══ Given records ══

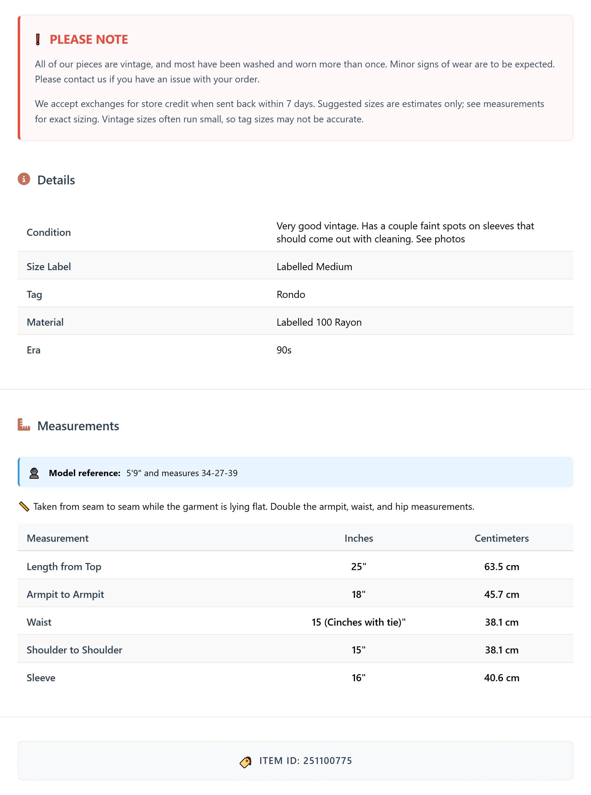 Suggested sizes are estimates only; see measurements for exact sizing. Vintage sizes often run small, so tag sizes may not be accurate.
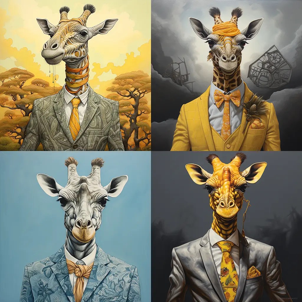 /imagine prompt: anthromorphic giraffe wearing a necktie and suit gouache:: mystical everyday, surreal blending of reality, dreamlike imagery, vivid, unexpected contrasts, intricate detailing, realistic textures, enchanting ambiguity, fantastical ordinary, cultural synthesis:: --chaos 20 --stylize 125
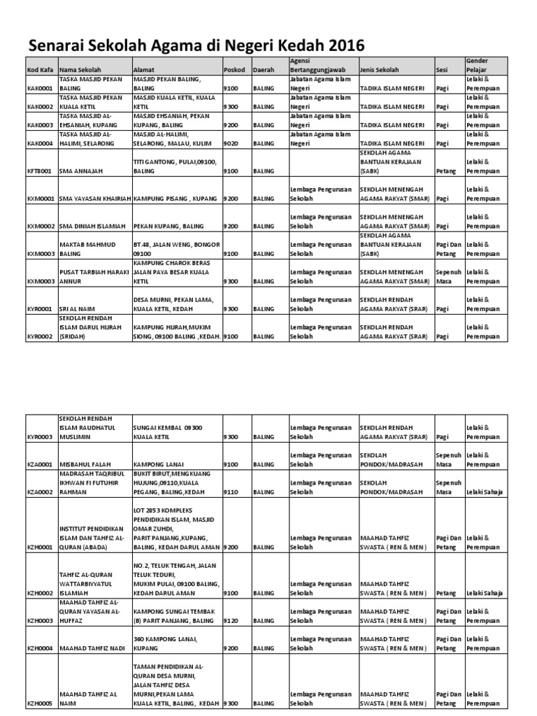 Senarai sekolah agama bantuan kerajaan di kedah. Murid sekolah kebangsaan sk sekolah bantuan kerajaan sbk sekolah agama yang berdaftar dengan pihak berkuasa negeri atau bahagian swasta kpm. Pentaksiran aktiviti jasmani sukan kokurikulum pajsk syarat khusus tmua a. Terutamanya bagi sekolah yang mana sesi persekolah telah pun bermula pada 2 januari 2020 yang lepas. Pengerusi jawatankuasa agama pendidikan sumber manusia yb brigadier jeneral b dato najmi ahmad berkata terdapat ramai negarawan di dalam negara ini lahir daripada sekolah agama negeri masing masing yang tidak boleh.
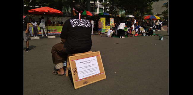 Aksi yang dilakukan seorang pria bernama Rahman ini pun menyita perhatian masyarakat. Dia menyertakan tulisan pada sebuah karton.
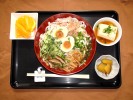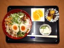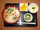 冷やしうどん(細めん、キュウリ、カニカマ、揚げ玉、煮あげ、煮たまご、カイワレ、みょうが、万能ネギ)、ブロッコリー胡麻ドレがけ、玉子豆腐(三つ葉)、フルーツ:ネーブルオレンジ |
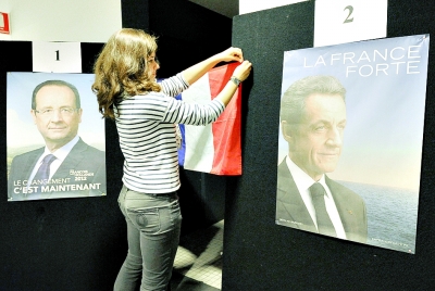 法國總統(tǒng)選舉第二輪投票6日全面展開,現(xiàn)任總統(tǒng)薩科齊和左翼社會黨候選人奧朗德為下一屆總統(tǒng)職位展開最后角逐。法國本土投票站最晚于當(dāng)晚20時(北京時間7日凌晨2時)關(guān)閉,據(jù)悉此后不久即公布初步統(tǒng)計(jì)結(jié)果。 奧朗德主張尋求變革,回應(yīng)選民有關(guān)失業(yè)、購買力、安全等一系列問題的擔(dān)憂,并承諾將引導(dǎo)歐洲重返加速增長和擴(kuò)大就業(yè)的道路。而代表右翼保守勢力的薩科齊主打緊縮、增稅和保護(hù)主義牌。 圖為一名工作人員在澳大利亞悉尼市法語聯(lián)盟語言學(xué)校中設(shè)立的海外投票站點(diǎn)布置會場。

═══

__Task requirements__. Leave the pictures out and output all of the data verbatim.

__Task response__.
 Suggested sizes are estimates only; see measurements for exact sizing. Vintage sizes often run small, so tag sizes may not be accurate.
 /imagine prompt: anthromorphic giraffe wearing a necktie and suit gouache:: mystical everyday, surreal blending of reality, dreamlike imagery, vivid, unexpected contrasts, intricate detailing, realistic textures, enchanting ambiguity, fantastical ordinary, cultural synthesis:: --chaos 20 --stylize 125
 Senarai sekolah agama bantuan kerajaan di kedah. Murid sekolah kebangsaan sk sekolah bantuan kerajaan sbk sekolah agama yang berdaftar dengan pihak berkuasa negeri atau bahagian swasta kpm. Pentaksiran aktiviti jasmani sukan kokurikulum pajsk syarat khusus tmua a. Terutamanya bagi sekolah yang mana sesi persekolah telah pun bermula pada 2 januari 2020 yang lepas. Pengerusi jawatankuasa agama pendidikan sumber manusia yb brigadier jeneral b dato najmi ahmad berkata terdapat ramai negarawan di dalam negara ini lahir daripada sekolah agama negeri masing masing yang tidak boleh.
 Aksi yang dilakukan seorang pria bernama Rahman ini pun menyita perhatian masyarakat. Dia menyertakan tulisan pada sebuah karton.
 冷やしうどん(細めん、キュウリ、カニカマ、揚げ玉、煮あげ、煮たまご、カイワレ、みょうが、万能ネギ)、ブロッコリー胡麻ドレがけ、玉子豆腐(三つ葉)、フルーツ:ネーブルオレンジ |
 法國總統(tǒng)選舉第二輪投票6日全面展開,現(xiàn)任總統(tǒng)薩科齊和左翼社會黨候選人奧朗德為下一屆總統(tǒng)職位展開最后角逐。法國本土投票站最晚于當(dāng)晚20時(北京時間7日凌晨2時)關(guān)閉,據(jù)悉此后不久即公布初步統(tǒng)計(jì)結(jié)果。 奧朗德主張尋求變革,回應(yīng)選民有關(guān)失業(yè)、購買力、安全等一系列問題的擔(dān)憂,并承諾將引導(dǎo)歐洲重返加速增長和擴(kuò)大就業(yè)的道路。而代表右翼保守勢力的薩科齊主打緊縮、增稅和保護(hù)主義牌。 圖為一名工作人員在澳大利亞悉尼市法語聯(lián)盟語言學(xué)校中設(shè)立的海外投票站點(diǎn)布置會場。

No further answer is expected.